Her voice had become one of the background noises of the house, like the crickets and the crows. And when it had fallen silent, Jocelyn had been surprised and a little dismayed. He wouldn’t go so far as to say that he missed it; the absence was simply disconcerting, that was all.

‘You know how she admires you,’ Madeleine had said. ‘And she’ll be no trouble. You can leave her with Mrs Herapath, or if she isn’t at home, just put her on the bench outside the courthouse; she’ll be in her element. There’s always plenty to see on market day.’

And since it was Madeleine who asked, of course Jocelyn had given in. ‘I should be delighted,’ he had said. And Madeleine had given him a wry smile, for she had known that he was lying.

The prospect of being alone with Sophie filled him with apprehension. He knew that he was not good with children. And this child alarmed him more than most. She did not at all conform to his notion of what a little girl should be.

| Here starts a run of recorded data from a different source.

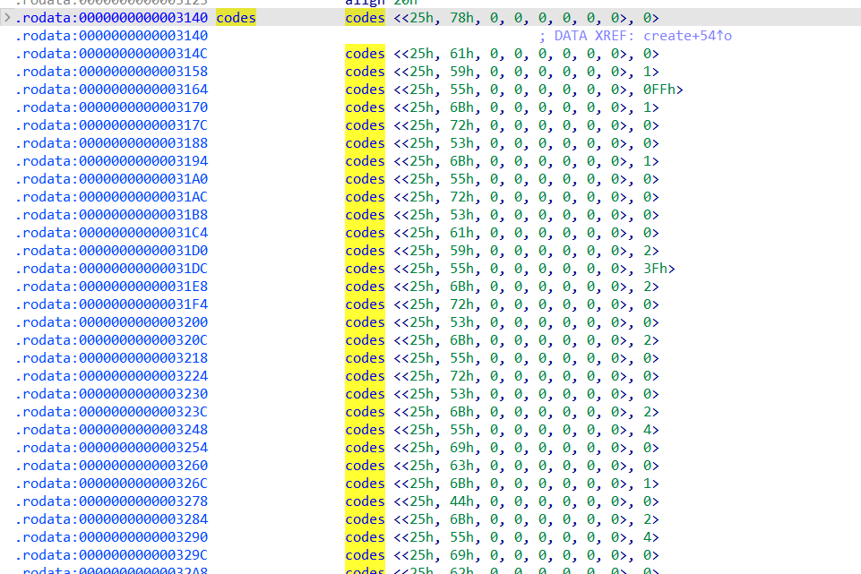 其中虚拟机指令片段在.rodata段0x3140处: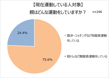 親が「運動している」と回答した子世代は約半数。そのうち7割以上が散歩・ジョギングなどの有酸素運動を実施、一方で筋トレなど無酸素運動の実施は少数派の約2割でした。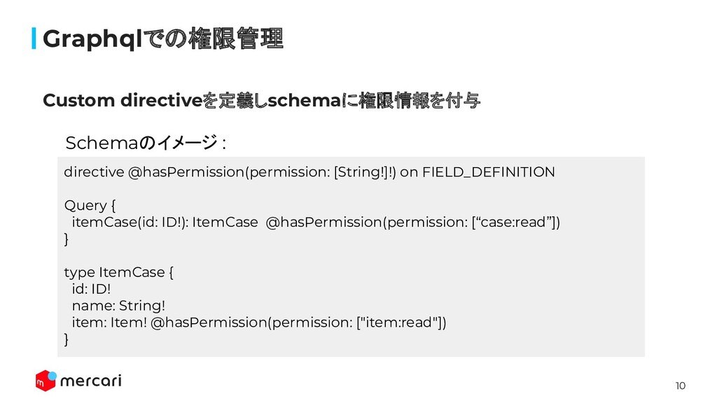 10 Graphqlでの権限管理 Custom directiveを定義しschemaに権限情報を付与 directive @hasPermission(permission: [String!]!) on FIELD_DEFINITION Query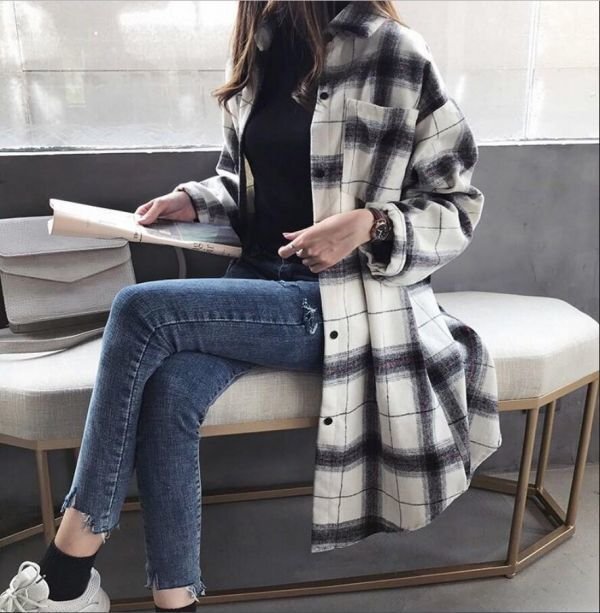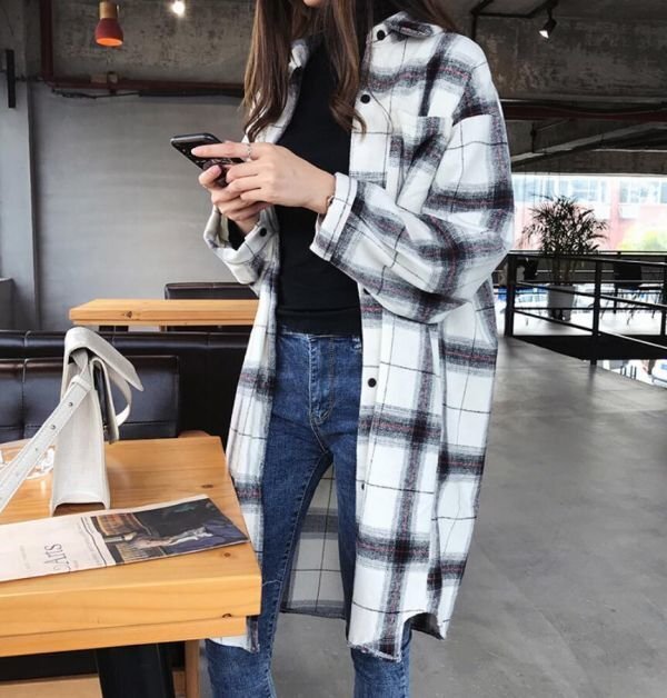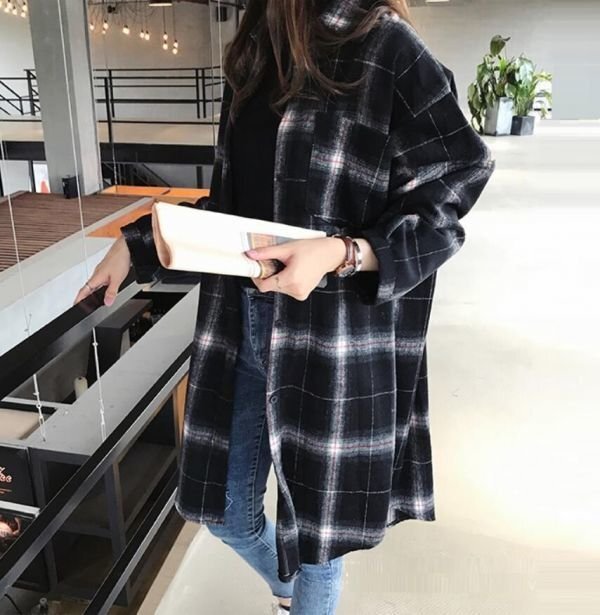 秋新品 カジュアル★ナチュラル★チェック柄★長袖★ブラウスシャツ★ ゆったり★普段着 ★チュニック ★ 白/Mサイズ
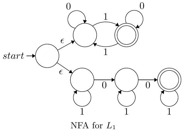 这个问题要求我们构造一个 NFA,它接受的语言 $L$ 包含两类字符串:要么字符串中恰好有两个 0,要么字符串中有偶数个 1。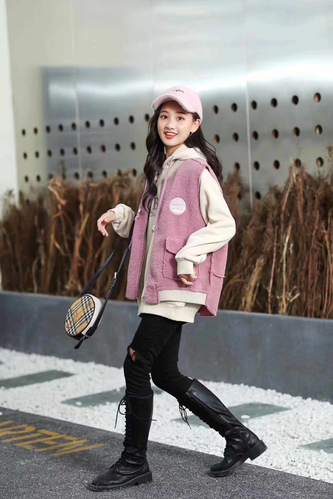 Huanuo brand children's clothing girls middle and big children 2022 autumn and winter new special price plus fleece sweater vest two-piece set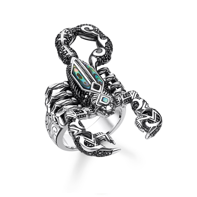 El anillo "Escorpión" está hecho de plata 925 mm., nácar de abulón, circonita negra y ágata.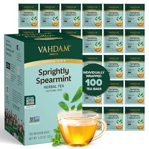 VAHDAM, Sprightly Spearmint 2-in-1 Wellness Blend, 100 Tea Bags | Spearmint + Licorice Root | Caffeine Free, Non-GMO, Direct from Source, Eco-Friendly Individually Wrapped Tea Bags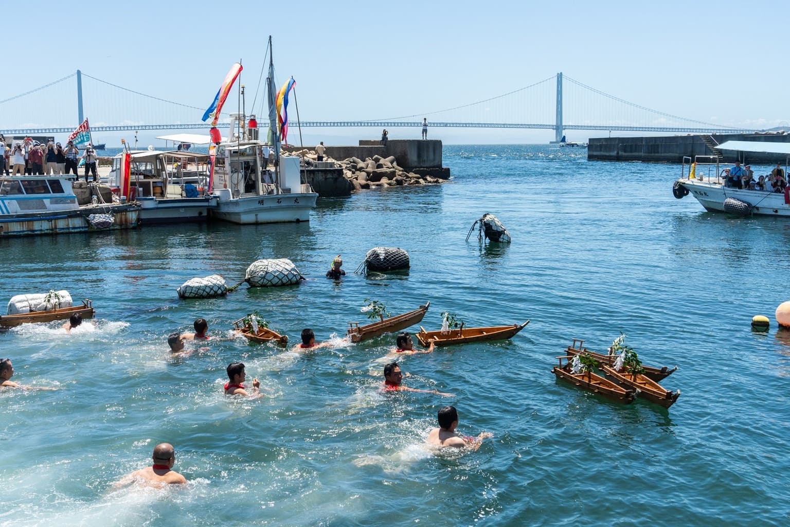 おしゃたか舟神事は明石の夏の風物詩として知られています。海難防止と豊漁を願って催行される明石最古の伝承行事、海上神事で市無形民俗文化財に指定されています。「おしゃたか」とは、神様が「おじゃったか(おいでになったか)」という方言です。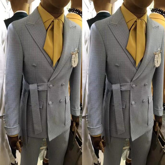 Modern Men Suits One-Piece Suit Vintage Business Jacket Custom made Belt Herringbone Wedding Tuxedos New in winter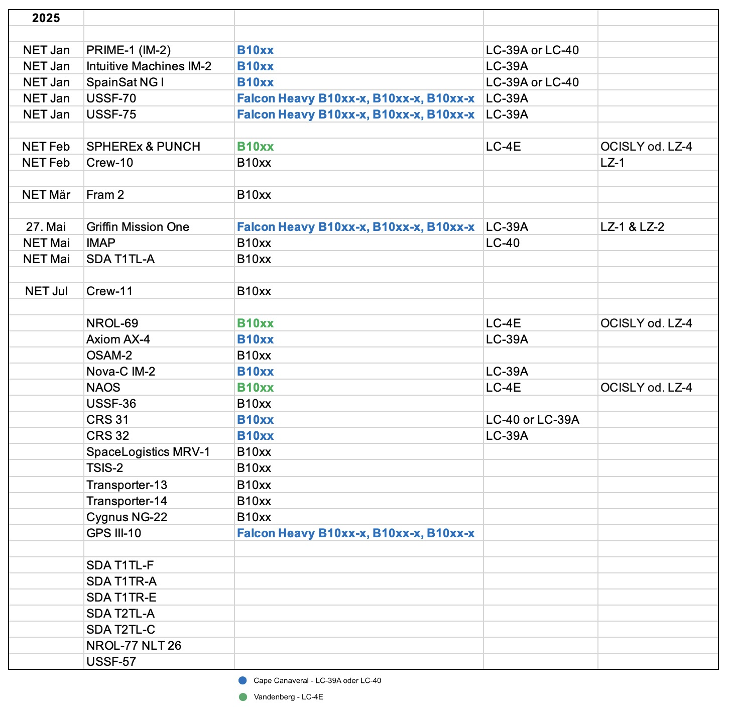 In jedem Fall zeigt der Bau weiterer Drohnenschiffe, dass die Falcon noch lange nicht abgelöst werden soll, sondern deutlich weiter ausgebaut. Von daher hatte ich - schon vor Wochen - 140-150 getippt, in der Erwartung, dass Starship etliche ersetzt; sonst noch mehr.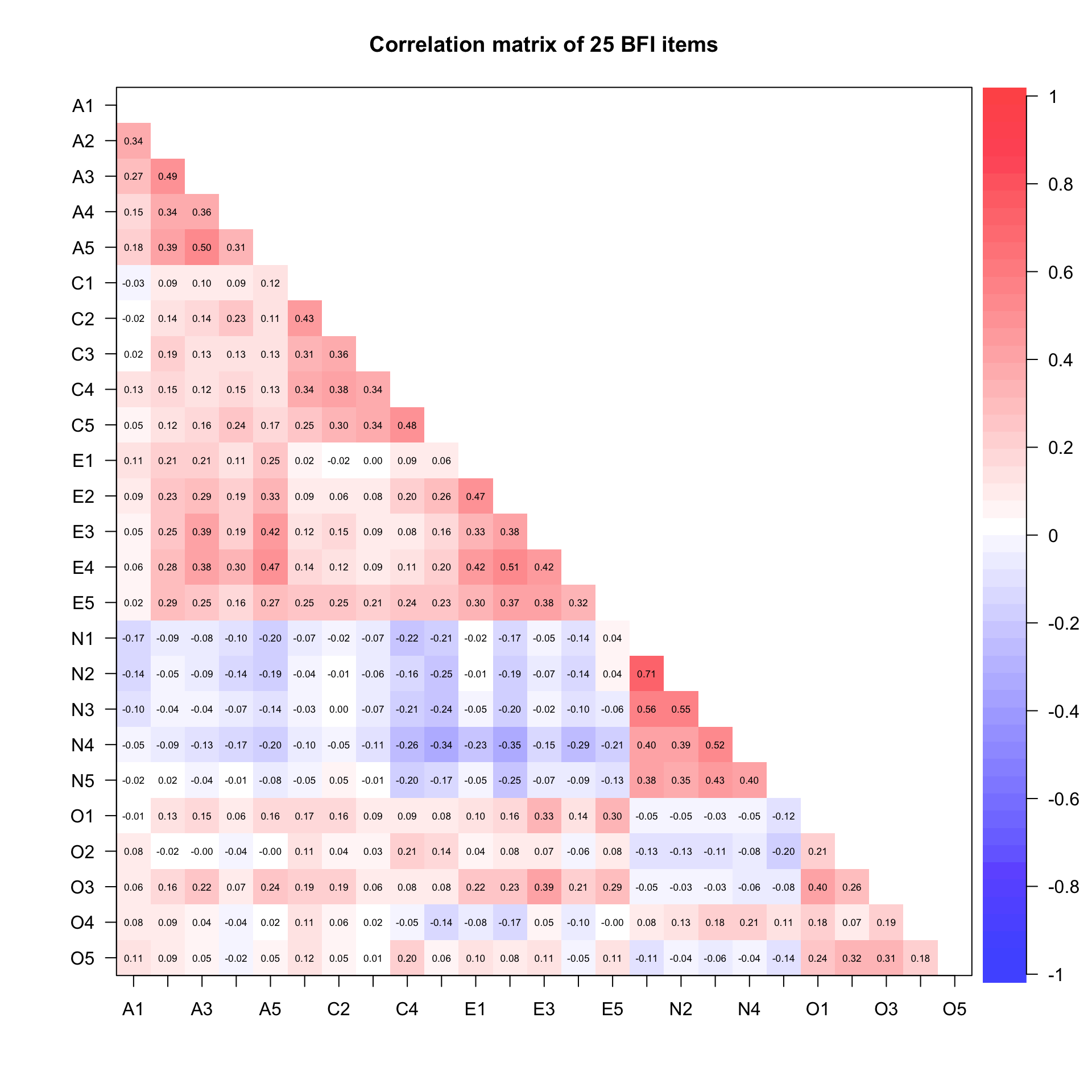 corPlot(bfi_items, upper =FALSE, diag =FALSE, main ="Correlation matrix of 25 BFI items", gr =colorRampPalette(c("blue", "white", "red")), scale =FALSE)

The first time they had met, she had managed to stay silent for no more than two minutes before politely asking why bamboo grows so much bigger than other grasses, and how did the Cockpits get their name, and what is the plural of mongoose?

He had fled. He had feared for his books and his privacy, and perhaps also for himself, in some way that he did not entirely understand.

But now he was worried because she was not bombarding him with questions. She sat very straight, with her splinted leg sticking out in front and one thin hand clutching the guardrail, while the other held a book on her lap. Tucked beneath her arm was the ever-present toy donkey.